The letter says the details remain to be worked out but it will let people who “have a well-considered opinion that their life is complete, must, under strict and careful criteria, be allowed to finish that life in a manner dignified for them.”
The proposal comes as a surprise, as a commission enlisted to study the idea of allowing a “completed life” extension to current policy concluded there was no need for it. The ministers disagreed, saying that it is “a legitimate request” to seek assistance for dying for “people who suffer unbearably and have no hope without an underlying medical reason.”

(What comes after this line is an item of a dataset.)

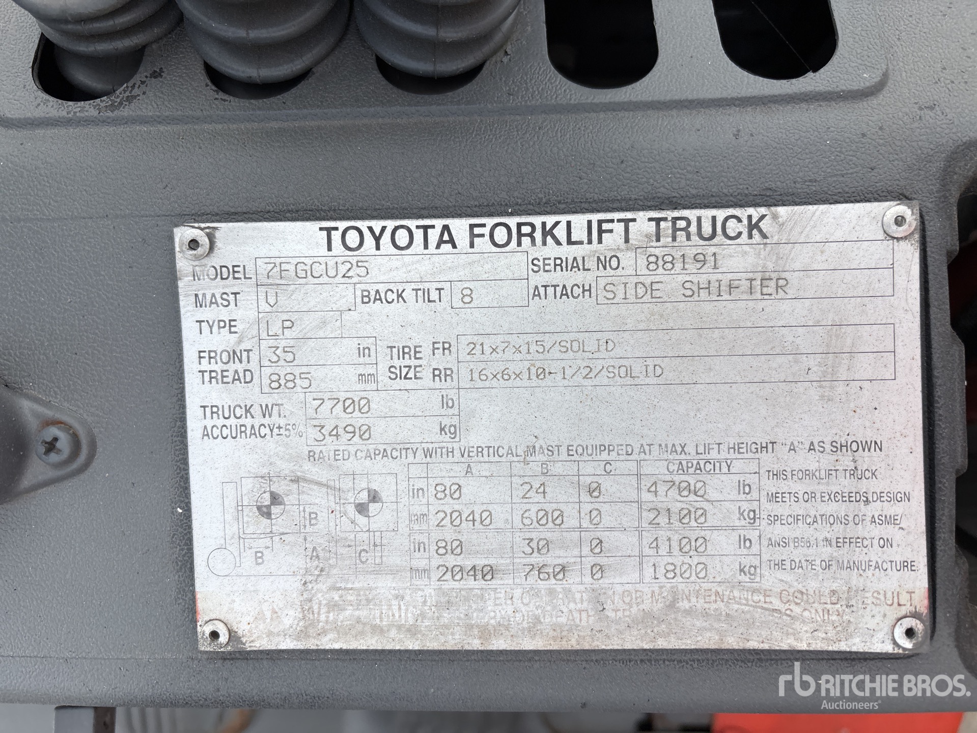 Các số đo được đưa ra chỉ là ước tính. Kích thước chịu tải thực tế có thể khác tùy theo chiều cao của xe tải/rơ-moóc và cấu hình/vị trí phần máy chịu tải. Người mua có trách nhiệm đo tất cả các tải trọng trước khi rời khỏi địa điểm đấu giá của chúng tôi để đảm bảo tải trọng đủ an toàn để được vận chuyển. Người mua phải xác nhận tất cả các số đo. Không dựa vào các số đo này để phục vụ mục đích vận chuyển.

Health Minister Edith Schippers wrote in the letter that “because the wish for a self-chosen end of life primarily occurs in the elderly, the new system will be limited to” them.
The new law, like previous laws, will require “careful guidance and vetting ahead of time with a 'death assistance provider' with a medical background, who has also been given additional training.” The law is supposed to include safety mechanisms including third-party checks, reviews and supervision.
Critics say Dutch euthanasia practice has already expanded beyond the borders originally envisioned for it, with “unbearable suffering” not only applying to people with terminal diseases, but also to some with mental illnesses and dementia.
The euthanasia policy has widespread backing in Dutch society. Cases have risen by double digits every year for more than a decade as more patients request it and more doctors are willing to carry it out. Euthanasia accounted for 5,516 deaths in the Netherlands in 2015, or 3.9 percent of all deaths nationwide.
What will come next? Assisted suicide for people wanting to end their lives because of failed marriages and failed investments?